Pengalaman itulah yang sekarang dipakai Badan Tim Nasional (BTN) bersama pelatih John Herdman untuk menyusun tim Indonesia di ASEAN Hyundai Cup 2026 atau Piala AFF 2026. Sekarang, kemampuan main bola bukan satu-satunya syarat buat pakai seragam Garuda.
Di balik proses seleksi yang sedang berjalan, Herdman malah lebih fokus pada satu hal yang selama ini sering jadi pembeda di pertandingan penting, yaitu kekuatan mental pemain.
Ketua BTN Sumardji bilang, pembentukan karakter jadi bagian penting dalam persiapan tim. Kata dia, dari hasil evaluasi kegagalan Indonesia di Piala AFF, kualitas teknik saja tidak cukup buat jadi juara.
“Kalau ditanya evaluasinya, dari sekian tahun kita tidak pernah juara ya banyak. Salah satu evaluasi paling utama adalah bagaimana membangun karakter mental pemain. Ini penting,” ujar Sumardji di forum Water Break PSSI Pers di SCBD, Jakarta, Jumat, 3 Juli 2026.

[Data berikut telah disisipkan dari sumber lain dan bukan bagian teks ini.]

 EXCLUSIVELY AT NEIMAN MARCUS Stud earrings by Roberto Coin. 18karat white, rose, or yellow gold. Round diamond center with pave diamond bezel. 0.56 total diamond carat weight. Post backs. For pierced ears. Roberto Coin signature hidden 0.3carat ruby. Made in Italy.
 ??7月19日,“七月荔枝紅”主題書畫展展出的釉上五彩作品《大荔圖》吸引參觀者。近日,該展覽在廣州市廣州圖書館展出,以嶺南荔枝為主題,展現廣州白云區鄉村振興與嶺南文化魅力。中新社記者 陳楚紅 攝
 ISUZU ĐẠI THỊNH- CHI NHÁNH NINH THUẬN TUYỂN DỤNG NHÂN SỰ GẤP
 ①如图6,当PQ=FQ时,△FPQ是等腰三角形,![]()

Dia menjelaskan, John Herdman dari awal sudah bikin program yang tidak cuma fokus pada kualitas main, tapi juga bangun fondasi mental yang kuat.

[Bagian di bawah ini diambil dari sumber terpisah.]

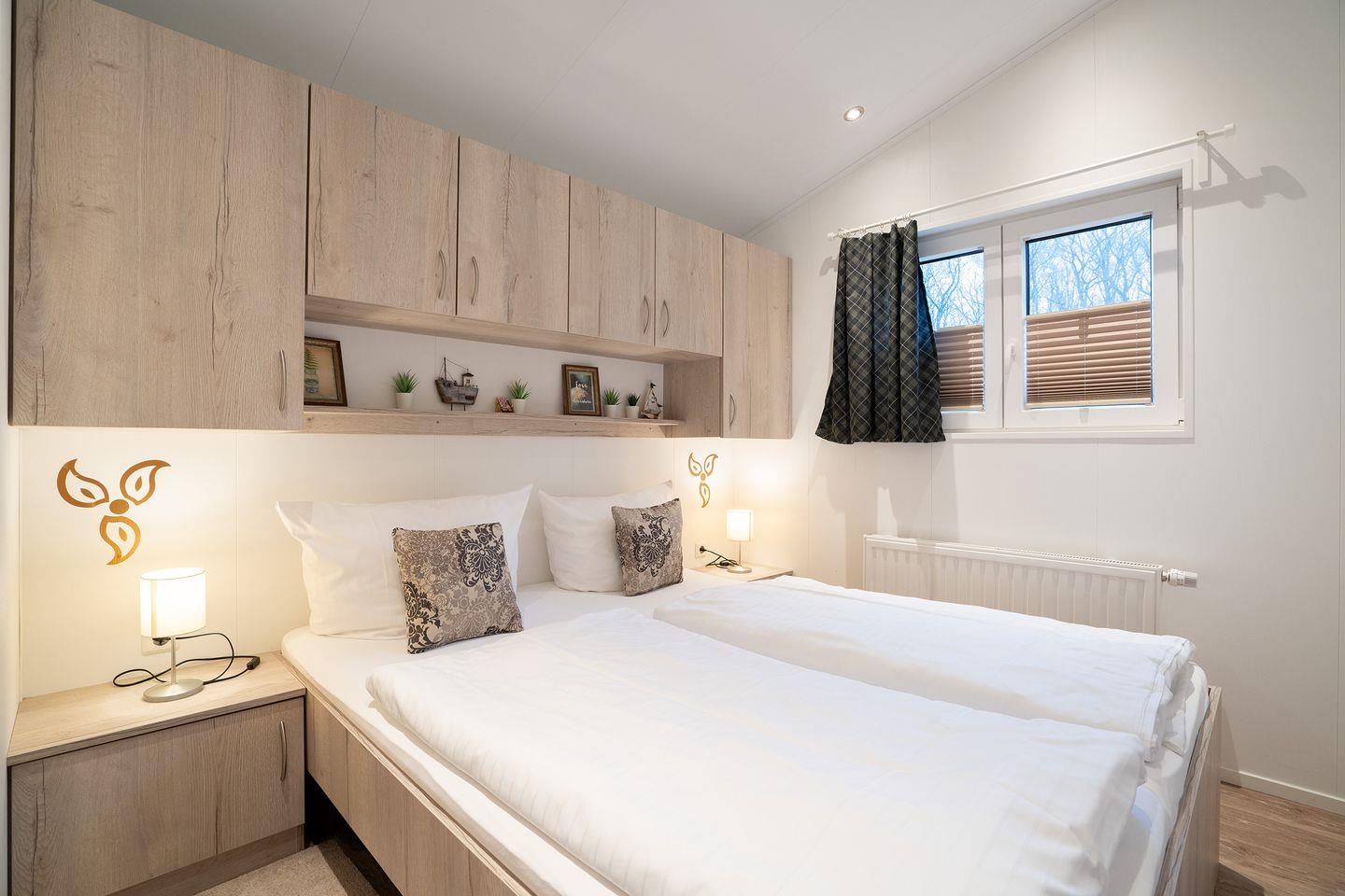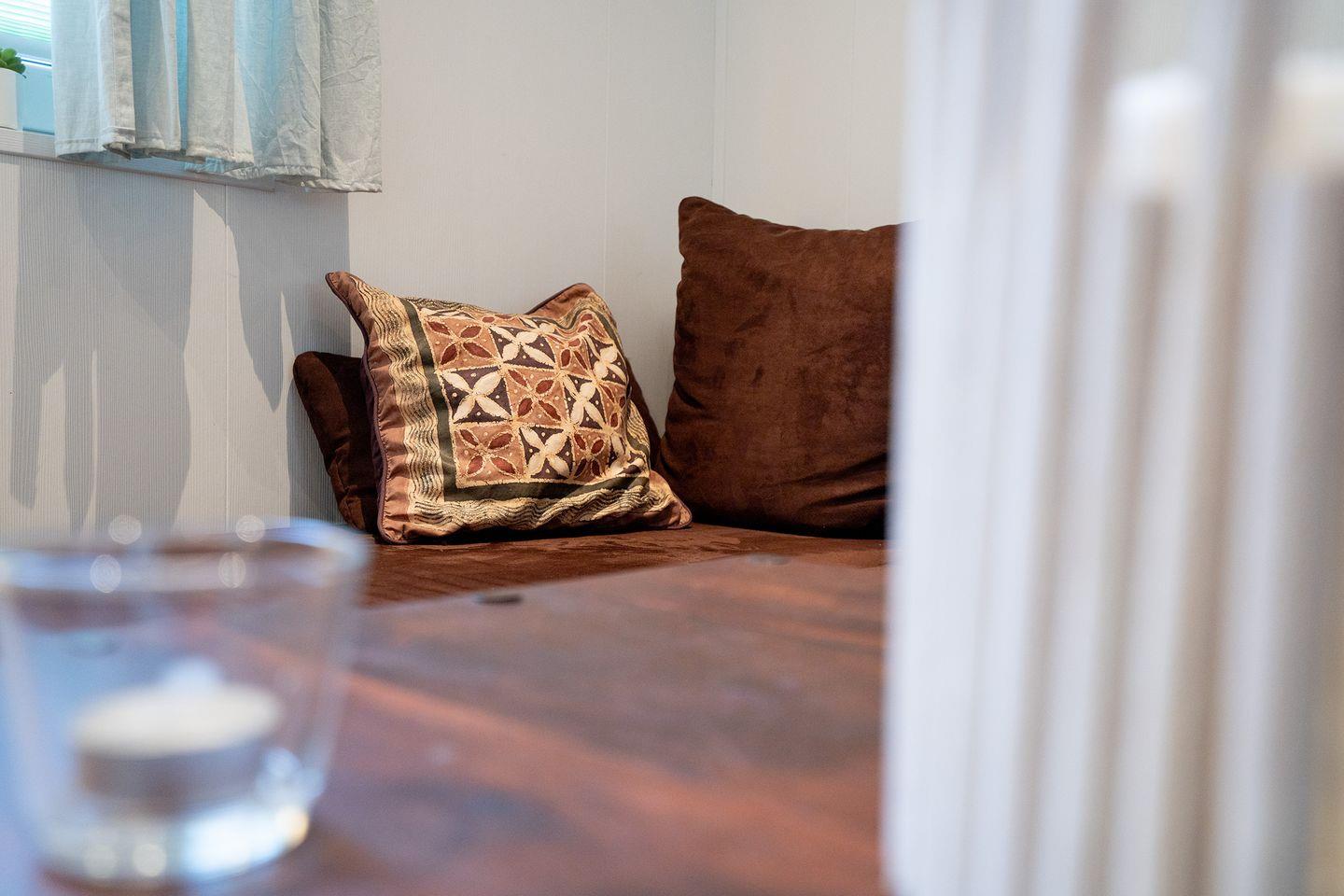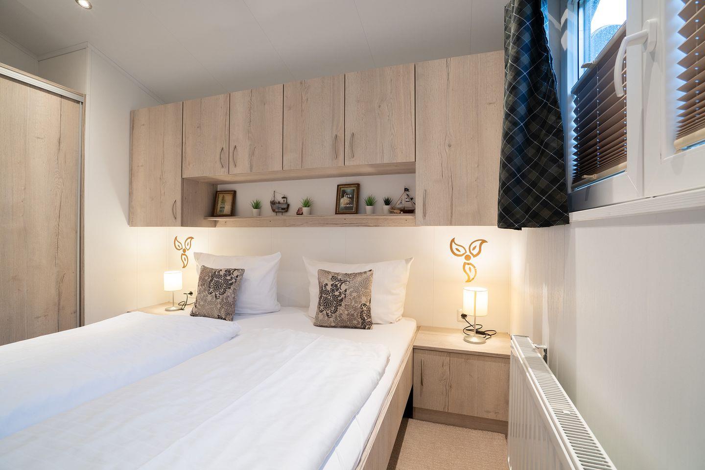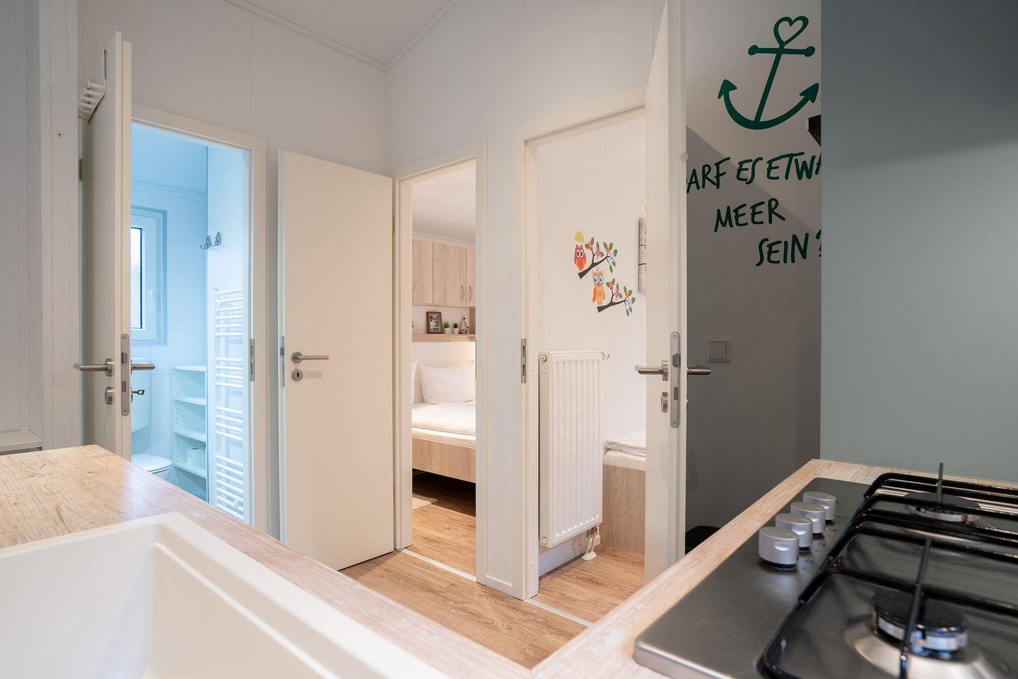 Die Einrichtung des Hauses zeichnet sich durch eine offene, helle Gestaltung aus. Das Wohnzimmer ist mit einer gemütlichen Sofaecke ausgestattet und bietet mit einem 35- bis 44-Zoll-Satellitenfernseher sowie WLAN eine angenehme Atmosphäre zum Entspannen. Der Vinylboden in Wohn- und Schlafzimmern unterstreicht die moderne Ausstattung der Räume. Eine Heizungsanlage mit Gas sorgt auch an kühleren Tagen für wohlige Wärme.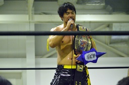 KUDO「完勝です。僕はこのままこのベルトを両国国技館まで守り続けます。そして僕の仲間がKO-Dトーナメントを勝ち抜いてくれることを願っています。そして両国国技館のメインでこのベルトを懸けて酒呑童子対決を必ず実現させます!今日もたくさんのご来場誠にありがとうございます。富士と言えば富士山ですね。日本一の富士山の麓で飲むお酒は日本一の味だと思います。また自分がチャンピオンとしてこの富士に帰ってきます!いくぞー!酒盛りだー!」(右写真)

“Coach John mengkolaborasi dan menyeimbangkan kekuatan mental, fisik, dan skill. Semua ini digabung biar tercapai kekuatan yang jadi dasar,” jelasnya.

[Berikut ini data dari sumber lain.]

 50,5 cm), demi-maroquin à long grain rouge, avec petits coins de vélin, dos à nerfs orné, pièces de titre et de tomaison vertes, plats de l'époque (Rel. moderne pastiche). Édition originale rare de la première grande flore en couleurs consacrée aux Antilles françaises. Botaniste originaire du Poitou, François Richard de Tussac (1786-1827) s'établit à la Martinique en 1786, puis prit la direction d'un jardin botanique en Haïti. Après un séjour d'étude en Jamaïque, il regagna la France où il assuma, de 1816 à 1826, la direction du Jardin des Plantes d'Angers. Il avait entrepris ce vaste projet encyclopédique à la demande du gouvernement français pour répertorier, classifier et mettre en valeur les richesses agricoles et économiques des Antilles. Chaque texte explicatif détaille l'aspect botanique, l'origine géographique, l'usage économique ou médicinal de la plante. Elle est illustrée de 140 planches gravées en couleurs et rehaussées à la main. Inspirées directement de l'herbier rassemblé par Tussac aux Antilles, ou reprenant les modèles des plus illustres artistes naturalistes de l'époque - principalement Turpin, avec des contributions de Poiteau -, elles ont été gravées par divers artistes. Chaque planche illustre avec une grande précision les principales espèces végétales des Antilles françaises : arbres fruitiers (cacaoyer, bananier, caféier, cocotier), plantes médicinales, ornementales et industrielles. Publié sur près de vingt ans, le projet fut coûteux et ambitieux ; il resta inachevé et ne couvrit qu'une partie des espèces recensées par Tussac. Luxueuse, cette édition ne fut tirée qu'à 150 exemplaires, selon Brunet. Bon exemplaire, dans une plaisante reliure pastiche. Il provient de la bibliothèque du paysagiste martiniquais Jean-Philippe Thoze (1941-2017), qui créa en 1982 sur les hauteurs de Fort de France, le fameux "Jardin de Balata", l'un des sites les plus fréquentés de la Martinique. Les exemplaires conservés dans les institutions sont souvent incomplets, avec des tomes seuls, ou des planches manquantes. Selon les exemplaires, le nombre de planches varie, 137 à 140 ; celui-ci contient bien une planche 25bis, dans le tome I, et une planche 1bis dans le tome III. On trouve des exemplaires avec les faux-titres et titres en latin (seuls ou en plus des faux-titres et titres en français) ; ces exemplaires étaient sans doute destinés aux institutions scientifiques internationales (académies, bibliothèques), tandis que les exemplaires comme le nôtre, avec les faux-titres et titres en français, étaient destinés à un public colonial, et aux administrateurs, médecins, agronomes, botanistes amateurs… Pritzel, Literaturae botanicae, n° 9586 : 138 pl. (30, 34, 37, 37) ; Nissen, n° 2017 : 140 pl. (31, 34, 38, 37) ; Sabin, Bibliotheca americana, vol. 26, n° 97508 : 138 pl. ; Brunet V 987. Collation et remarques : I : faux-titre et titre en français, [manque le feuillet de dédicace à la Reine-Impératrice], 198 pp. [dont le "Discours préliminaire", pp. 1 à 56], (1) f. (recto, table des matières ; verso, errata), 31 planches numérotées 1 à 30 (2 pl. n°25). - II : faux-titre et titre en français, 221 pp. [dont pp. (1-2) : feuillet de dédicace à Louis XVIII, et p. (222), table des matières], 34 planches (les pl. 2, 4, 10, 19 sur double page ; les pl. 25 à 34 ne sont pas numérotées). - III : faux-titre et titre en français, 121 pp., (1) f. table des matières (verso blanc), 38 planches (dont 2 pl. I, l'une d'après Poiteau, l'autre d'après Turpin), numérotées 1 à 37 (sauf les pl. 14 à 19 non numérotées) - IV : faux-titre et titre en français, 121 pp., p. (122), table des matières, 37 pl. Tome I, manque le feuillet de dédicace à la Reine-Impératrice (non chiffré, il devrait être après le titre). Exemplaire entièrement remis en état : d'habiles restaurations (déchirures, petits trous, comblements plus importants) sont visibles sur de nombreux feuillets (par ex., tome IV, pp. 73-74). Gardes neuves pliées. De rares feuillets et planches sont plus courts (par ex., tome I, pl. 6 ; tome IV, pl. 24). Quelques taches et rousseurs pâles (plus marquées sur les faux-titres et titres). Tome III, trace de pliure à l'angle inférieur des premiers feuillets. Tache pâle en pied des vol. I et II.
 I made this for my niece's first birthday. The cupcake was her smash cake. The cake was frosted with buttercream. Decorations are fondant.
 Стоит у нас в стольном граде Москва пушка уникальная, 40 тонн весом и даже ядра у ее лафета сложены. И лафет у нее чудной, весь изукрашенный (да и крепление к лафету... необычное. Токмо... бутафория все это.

Dengan kata lain, pemain yang punya teknik tinggi belum tentu otomatis dapat tempat kalau belum memenuhi standar mental dan fisik yang diinginkan pelatih.
Sumardji merasa, aspek mental selama ini jadi salah satu penyebab Indonesia sering gagal melangkah lebih jauh di turnamen Asia Tenggara.
Karena itu, selama pemusatan latihan semua pemain akan dipantau secara menyeluruh. Tim pelatih akan evaluasi perkembangan masing-masing sebelum menentukan skuad final.
“Nanti ketika anak-anak TC pasti bisa kita lihat. Dari tanggal 5 kita akan analisa dan detail individual para pemain. Semua akan dievaluasi sebelum menentukan 24, 25, atau 26 pemain,” katanya. Proses dilakuin di Bali dengan pemusatan latihan bertahap. Awalnya ada 46 pemain, sekarang jumlahnya terus dikurangin. Kira-kira 25 sampai 26 orang yang bakal dibawa ke turnamen.